Il Regista şimdilerde teknik direktörlük yapmakta. Fakat hocalık kariyeri, en azından şimdilik pek de istediği gibi başlamadı. İtalya’da çok büyük hocalara baktığımız zaman hepsi ya Serie C, ya da Serie B’de kendilerini kanıtlamak zorunda kaldılar. Benim için dünyanın en iyi 3 teknik direktöründen biri olan Conte, kendisini kanıtlamak için yıllarca Serie B’de mücadele etti. Keza Allegri, Sarri, De Zerbi gibi isimler de yıllarca Serie C, Serie B’de kendilerini kanıtlamaya çalıştılar. İtalya’da başarılı bir teknik direktör olmak için öncelikle alt liglerde biraz dayak yemek gerekiyor. İşte Andrea Pirlo’nun en büyük eksiği bu bence.

 Bu hatada hem Juventus yönetimi ve yönetimin plansızlığı, hem de Pirlo’nun sabırsız davranışı her iki tarafa da çok şey kaybettirebilir. Belki de bu karar Pirlo’nun hocalık kariyerinde büyük yerlere gelmesini biraz daha uzatabilir.  Hatırlarsanız Sarri, Juventus’u çalıştırdığı dönemde, Pirlo Juventus’un 23 Yaş Altı Takımı’nı çalıştırması için göreve getirilmişti. Sarri ile yollar ayrılınca, hiçbir teknik direktörlük tecrübesi olmayan, teknik direktörlüğü geçtim yardımcı antrenörlük bile yapmayan Pirlo’yu Juventus gibi İtalya’nın en büyük kulüplerinden birinin başına geçirdiler. Bunu da, her ne kadar şampiyon olsalar da kötü bir futbol oynanan ve kafalarda bazı soru işaretlerinin olduğu bir dönemde yaptılar.

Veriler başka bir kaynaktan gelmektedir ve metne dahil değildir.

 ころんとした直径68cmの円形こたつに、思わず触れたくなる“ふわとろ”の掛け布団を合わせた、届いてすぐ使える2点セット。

 Nitekim Juventus, Pirlo yönetiminde ligin ilk 7 haftasında yoluna namağlup devam etse de, topladığı 13 puanla 5. sırada. Belki işler şu an için matematiksel olarak kötü gitmiyor fakat oynanan oyun, Juventus taraftarını pek memnun etmiyor. Sarri ile başlayan, Juventus DNA’sına aykırı olan hücum futbolu, Pirlo ile kaldığı yerden devam etmeye çalışıyor. Çalışıyor diyorum çünkü şu ana kadar izlediğim hiçbir Juventus maçında heyecanlanıp yerimden kalkmadım. Şimdilik sadece Ronaldo’nun ayağına bakan bir takım görüntüsü çizdiler.

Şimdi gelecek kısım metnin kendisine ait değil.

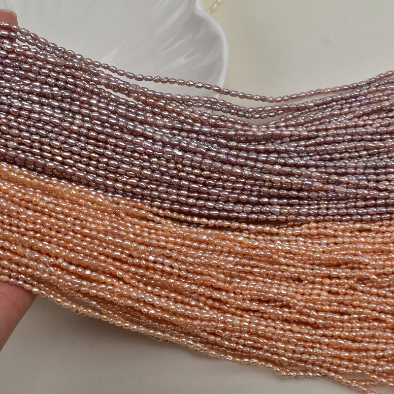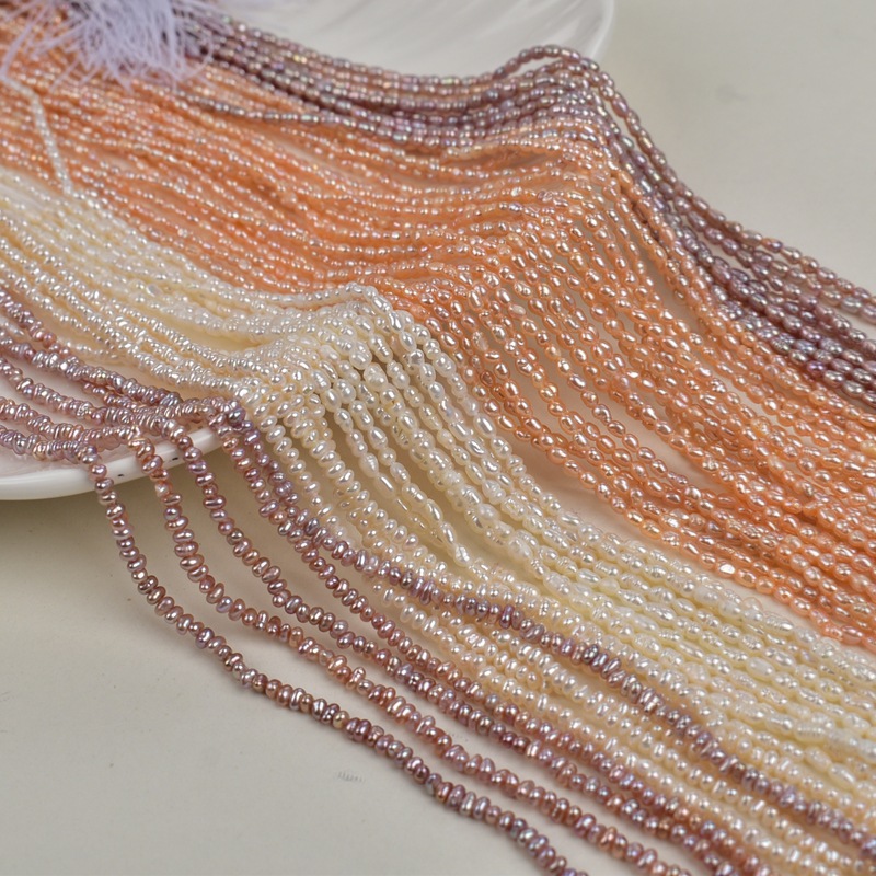 Riso coltivato in perla d'acqua dolce, perla d'acquadolce coltivata naturalmente, DIY, nessuno, 2-3mm, Venduto per 36 cm filo
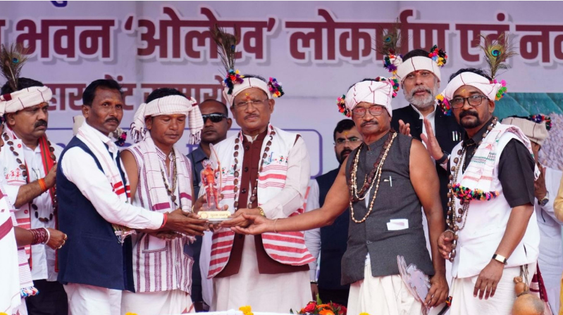 CM Shri Sai said these meaningful initiatives will usher in a wave of development in tribal areas and enable tribal communities to march ahead on the path of progress. He made these remarks while addressing the divisional-level Nuakhai Milan of the Dhurwa Samaj and the inauguration of the newly built community hall “Olekh” at the Forest School campus in Jagdalpur. On the occasion, CM Sai announced ₹75 lakh for the construction of five domes for the Dhurwa Samaj at different locations, each to be built at a cost of ₹15 lakh. He also assured approval of development proposals submitted by 36 sarpanches of the community’s gram panchayats.
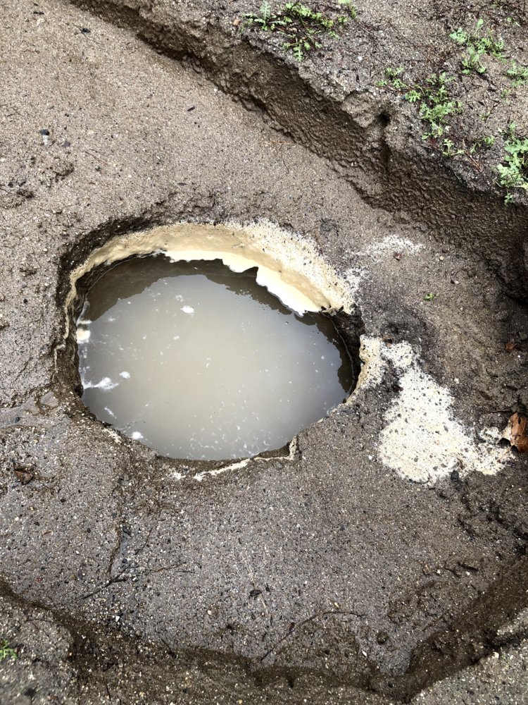 oh and the difference in levels may also just have to do with one hole being more in line with whatever drainage there might be (above or below the surface) - hmm, though i don't see any obvious erosion or signs of water flow there at the edges... ok, in the first pic at the left edge it does appear to be a bit of water flow erosion there...
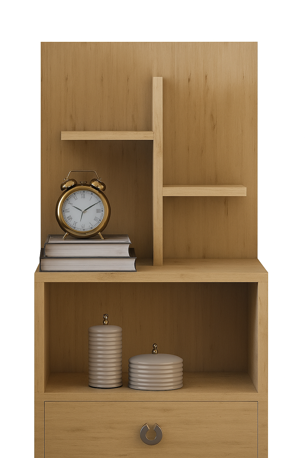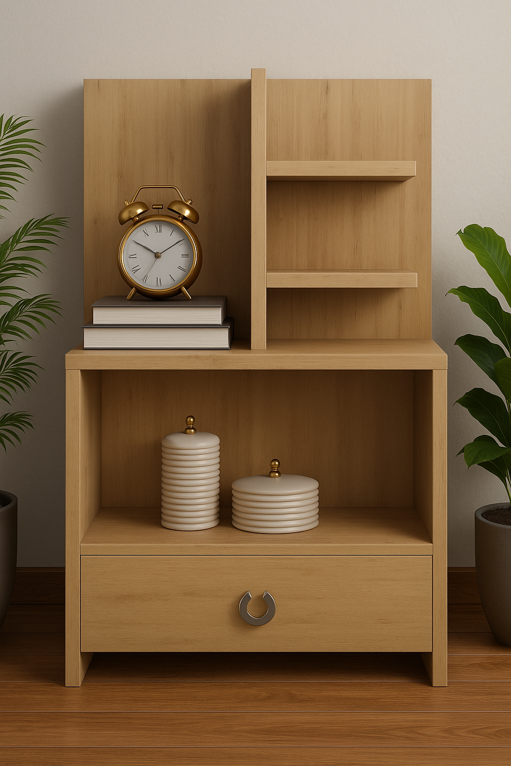 Sturdy top surface suitable for placing clocks, books, or standout decor pieces.

 Pirlo’nun ne oynatmak istediğine dair aslında elimizde pek bir şey yok. Şu ana kadar da Pirlo bize sahada belli bir şey gösteremedi. Sezona 3-4-3 ile başladı, bazen 4’lü savunmaya döndü, 3-4-1-2, 3-4-2-1 gibi formasyonlar denedi fakat istediği oyunu sahaya pek yansıttığını düşünmüyorum. Hocanın şu an elinde kaliteli bir planı yok. Sarri’nin en büyük problemlerinden biri olan tempo sorununa da şu ana kadar çözüm bulamadı.

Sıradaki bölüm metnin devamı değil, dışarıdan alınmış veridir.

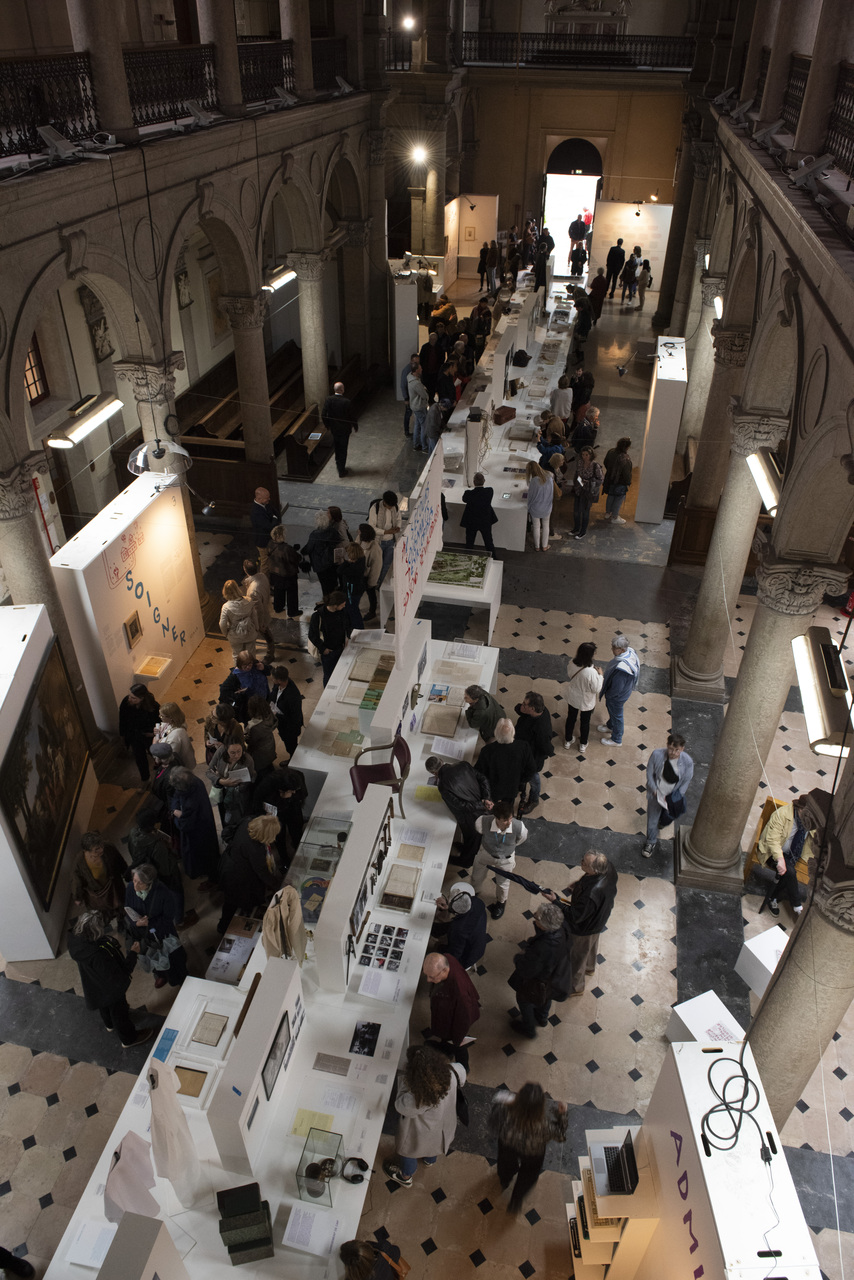 En 2024, le centre hospitalier Saint Jean de Dieu, à Lyon, célèbre son bicentenaire à travers l’exposition « Un long fleuve intranquille » (fig. 4). Cette dernière propose un récit ancré dans un contexte local mais qui permet de saisir une histoire plus large de la psychiatrie et des populations considérées comme vulnérables depuis le XIXe siècle. Cette exposition temporaire prend place dans la chapelle de l’hôpital jusqu’au 31 octobre 2024 ; elle vient clôturer douze années de réflexions et de collectes initiées par un petit groupe de salariés et de retraités – le groupe Mémoire et Patrimoine – et enrichies par un réseau d’acteurs engagés aux côtés de l’hôpital parmi lesquels des musées, l’université Lumière Lyon- 2 et plusieurs services d’archives. Elle invite les visiteurs à plonger dans un dispositif muséographique simple qui traverse l’espace (fig. 1). Archives, tableaux, objets divers et témoignages sonores participent à la mise en récit de l’histoire de cet établissement, du XIXe siècle à nos jours. Le visiteur découvre ainsi, au fil des sections, la création de l’établissement par une communauté religieuse, les métamorphoses du lieu à travers le temps, la pluralité des professions qui font vivre l’institution, la vie quotidienne dans les services, la porosité entre l’intérieur et l’extérieur de l’hôpital, la diversité et l’évolution des modes de prise en charge et de soins ou encore l’arrivée des femmes dans cet univers presque exclusivement masculin jusqu’à la seconde moitié du XXe siècle.

Juventus’a herhangi bir sempatim yok, hatta artık şampiyon olmalarını bile istemiyorum. Çünkü Serie A’da yeni bir şampiyon görmek, İtalya futbolunun cazibesini tekrardan bir adım yukarı çıkaracaktır. Aynı zamanda rekabet, her zaman olumlu anlamda bir değer katar.

 Fakat Pirlo’nun başarılı olmasını, şampiyonluklar yaşamasını istiyorum. Çünkü hayatımda hayranlıkla izlediğim, bu kadar büyük sempati duyduğum başka bir isim daha yok. Umuyorum Pirlo, milli aradan sonra daha farklı, tempolu ve planı olan bir oyun bizlere sunar ve İtalya futbolunda önemli yerlere gelir. 2006 Dünya Kupası’nın kazanılmasında yaptığı katkıyı belki gelecekte teknik direktör olarak yapar. Kim bilir?